Angela nodded and returned to the front desk, leaving me staring at the email I’d never expected to receive. I knew the dogs didn’t play a major role in the military anymore, they never really had, but it had never crossed my mind that the program would be disbanded.
Without dogs, the military no longer needed a veterinarian, but unlike Angela, I wasn’t a soldier. I wouldn’t be getting a call from Career Placement for reassignment.
I leaned back in my chair, the emails I had planned to send forgotten. They no longer mattered.
Like me.
That spark of fury flared again, sharp and biting. They’d erased my job, my entire purpose, with an email. A cold jumble of letters on a screen telling me the lives I’d cared for were no longer worth the expense, and I wasn’t either.
I was on my feet before I made the decision to stand.
I knew there was nothing I could do about the program being disbanded, that likely came from above anyone on the base, but the least I deserved was for the general to look me in the eye and tell me what was going to happen to the dogs.
Angela might be able to convince herself they would find homes, but I knew command would go for the simple option. The safe bet.
Euthanasia.
Even if I couldn’t save my job, I could save the dogs. I could fight for them, because if I was losing my job anyway, there was nothing command could use to make me back down. Enough dogs had already died because of them, they could give the survivors a chance.
I grabbed my coat from the back of my chair and shrugged into it as I strode through the clinic to the front desk where Angela was packing up to head home.
“Do you mind locking up behind you?”
I didn’t want to get her hopes up telling her my plan, so I kept it to myself. If it worked out I’d let her know, and if it didn’t…
Well, she was better off not knowing so she could cling to her hope.
Her brows rose.
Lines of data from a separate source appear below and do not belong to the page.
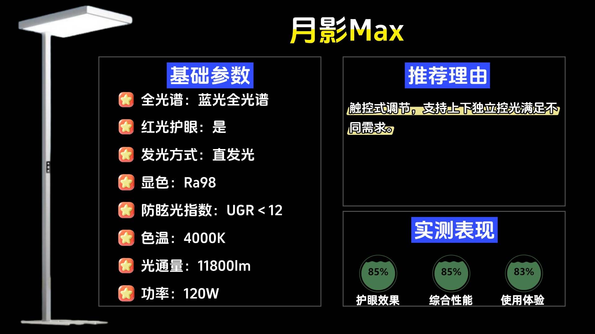 护眼大路灯第七名:月影Max;搭载AI智能补光系统,可敏锐感知环境光线变化。
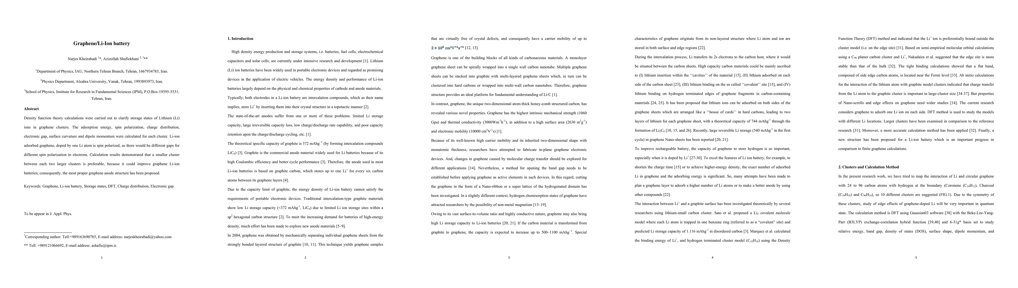 Density function theory calculations were carried out to clarify storage states of Lithium (Li) ions in graphene clusters. The adsorption energy, spin polarization, charge distribution, electronic gap, surface curvature and dipole momentum were calculated for each cluster. Li-ion adsorbed graphene, doped by one Li atom is spin polarized, so there would be different gaps for different spin polarization in electrons. Calculation results demonstrated that a smaller cluster between each two larger clusters is preferable, because it could improve graphene Li-ion batteries; consequently, the most proper graphene anode structure has been proposed.
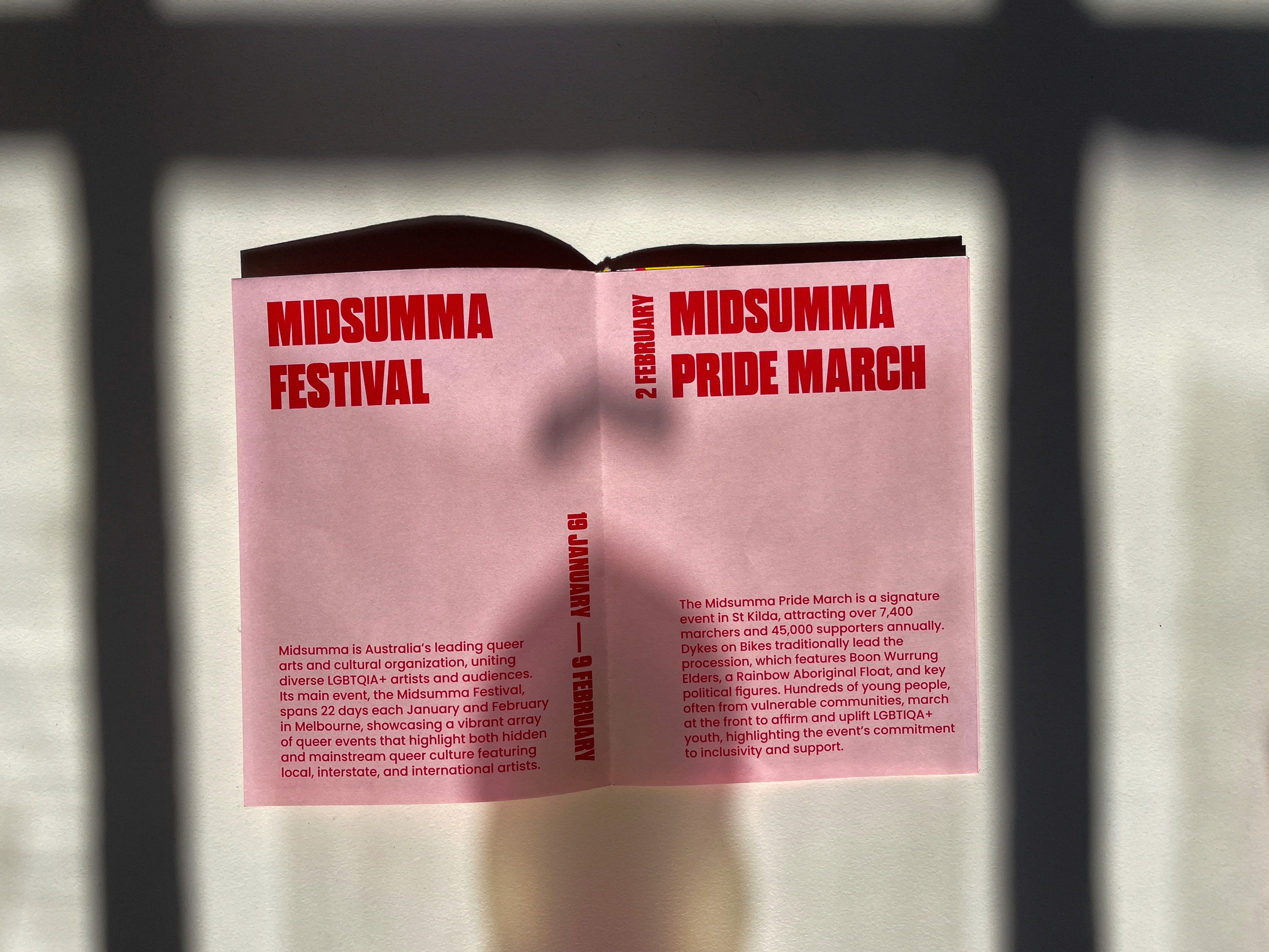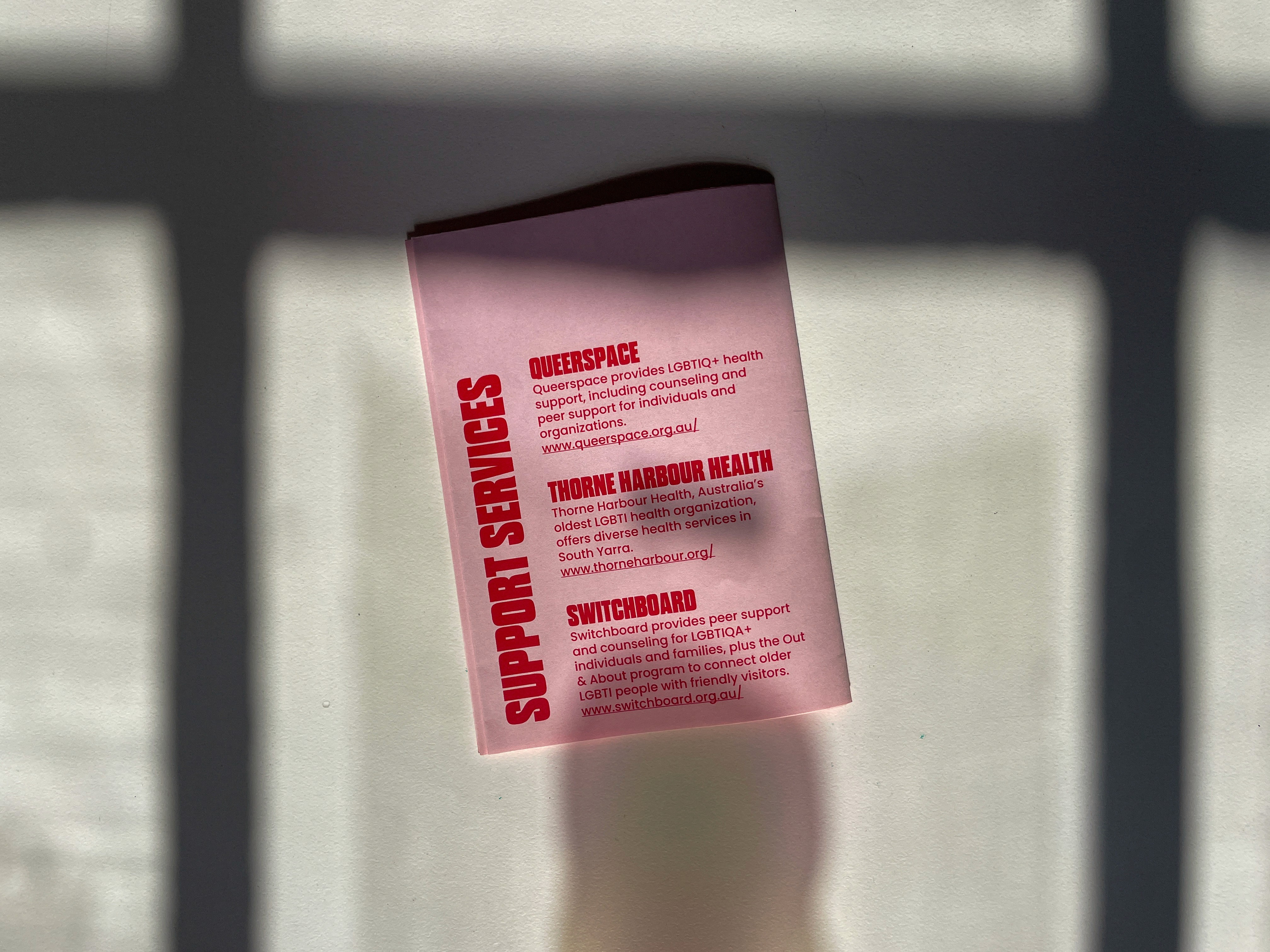 It is a free and widely accessible zine that is targeted toward supporting LGBTIQ+ communities around Melbourne. Sharing events, spaces, services and venues across the city, helping connect members of the community.

I never left before she did, usually working well past official hours.
“Sure?”
Giving her a tight smile, I left before she could voice the question in her tone.
The general’s office was on the other side of base. Anyone else might have already left for the weekend, but he was an old workhorse like me. Some people married other people, but some of us married our careers.
His vehicle was still there when I arrived outside the building, but his assistant’s desk was empty, allowing me to walk past without showing credentials. I stood outside his office for a moment before raising my hand to knock, telling myself not to overreact.
Ask questions, get answers, and get out.
I doubted my peptalk was going to help, but discipline was hard to unlearn.
I knocked before calling his name through the door and was told to enter.
“Doctor Calder.”
General Hargreeve didn’t look up from the form he was filling in, the fact that the military still required paper copies proof that change came slowly. He pointed at the chair across from his desk for a split second, as if this were a routine meeting he’d expected and not the result of impulsivity.
I remained on my feet beside the chair instead, unable to sit and pretend everything was fine. His pen was still flying over the form, the stack of papers beneath it showing why he was still in his office.
“Sit, Calder.”
I wanted to ignore him, but despite not being one of his soldiers, obedience to authority was ingrained in who I was.
“I assume this is about the Dog Unit being disbanded.”
His tone was anything but welcoming. He’d never been a bad person to work for, but no one made it to the rank of general without getting straight to business.
“Partially.”
My voice came out steady despite the quiver inside me. I’d always been good at hiding my emotions. It was something that came from growing up in a military family.
“I have questions.”
He flipped the form onto a different stack and finally looked up, folding his hands overtop the papers still waiting for his attention.
“The decision came from above me. The program has been under review for years, and there’s nothing I can do to reverse it.”
I’d already known he wouldn’t be able to do anything, but I hadn’t been aware we’d been on the chopping block that long.
“That would have been nice to know before I was called obsolete.”